— Ты думаешь, что и петербургский ревизор его не спасет? — спросила дрогнувшим голосом девушка.
— Эх, кабы нам уговорить их бежать отсюда! Да подальше, в чужие края. Вот тогда, действительно, им нечего было бы опасаться, — сказал старик, не отвечая на предложенный вопрос и в смущении отворачиваясь от пытливого взгляда, устремленного на него.
— Бежать! Да разве это возможно?
— Все возможно, моя сударыня.
— Так возьми же у меня денег! Сколько тебе? Мы можем дать, у нас много, — вскричала Магдалина.

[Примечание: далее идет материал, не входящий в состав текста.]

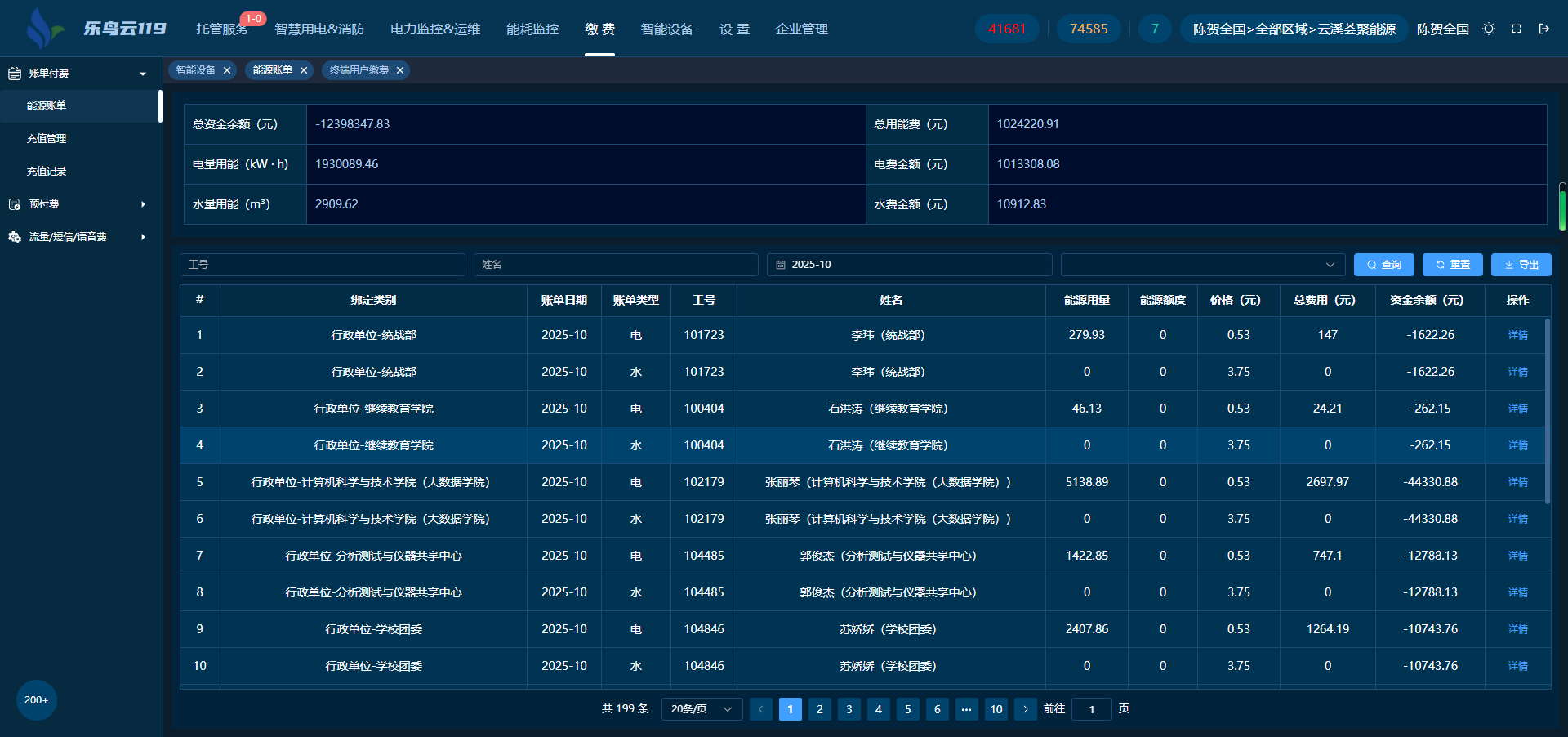 根据用户和能源类型(如水、电等)自动生成月度账单,详细列出用电量、用水量、能源单价及总费用。

— Дайте досказать, сударыня. Тут зацепка не в одних деньгах…
— А в чем же?
— Да в самом Федоре Николаевиче, если уж хотите знать, вот в ком. С опасностью жизни, можно сказать, я к нему проник намедни, на коленях умолял их дозволить нам их спасти, — не желают. «Я, — говорит, — пускать тебя к себе не велю, если ты меня этим будешь искушать». Все на том стоят, что за грех против покойного князя Господь их карает, ничем их с этой мысли не сбить.
— Мне надо его видеть, — объявила Магдалина.
— Напрасно только измучаетесь, не послушают они и вас. (Нашло на них вроде как помешательство, — хотел он сказать, но, спохватившись, смолк, не выговорив страшного слова.)
— Так что же, по-твоему, надо делать?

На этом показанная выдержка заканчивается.